So you have a camera, and you would love to earn enough to buy a few more lenses. So you make a few business cards and start announcing you’re open for business. People start telling you the easiest way to make money is to shoot a wedding. Why not? Sounds like fun.

Think again.

Wedding photography is one of the most difficult niches in the photography industry.

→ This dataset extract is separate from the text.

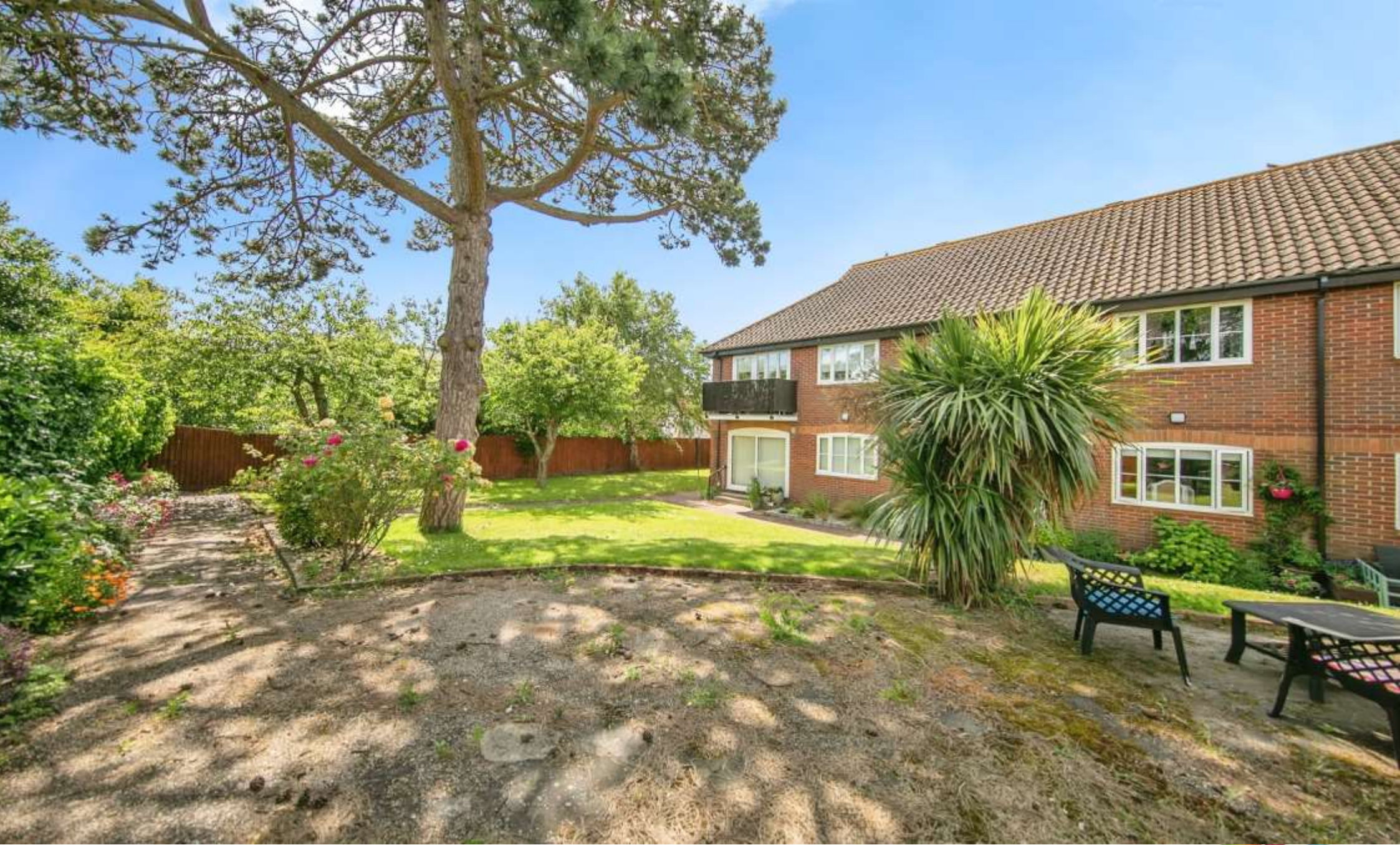
Elizabeth Court Louise Close, Walton On The Naze CO14 8LH

  • You must deal with dozens of different personalities, all in a highly stressful situation.
  • Taking a perfect picture of a bride and groom – one in the whitest white, one in the blackest black – can be exceedingly difficult. Especially because you’re very likely going to have to capture the two of them outside in the sunshine, and inside in almost pure dark conditions.
  • You cannot control the situations – you have to go with the flow. You have a few short hours to capture hundreds of amazing images.
  • You may be expected to be in 2 (or 3, or 4…) places at one time. How are you going to control the situation so you’re not stressed?
  • Guests travel from all over the world for this one day event. There are no do-overs.

Which is why as a professional wedding photographer who photographed hundreds of very high-end weddings over the years, I cringe when people say to get their start in weddings.

If you have the desire to start a wedding photography business, here are my suggestions.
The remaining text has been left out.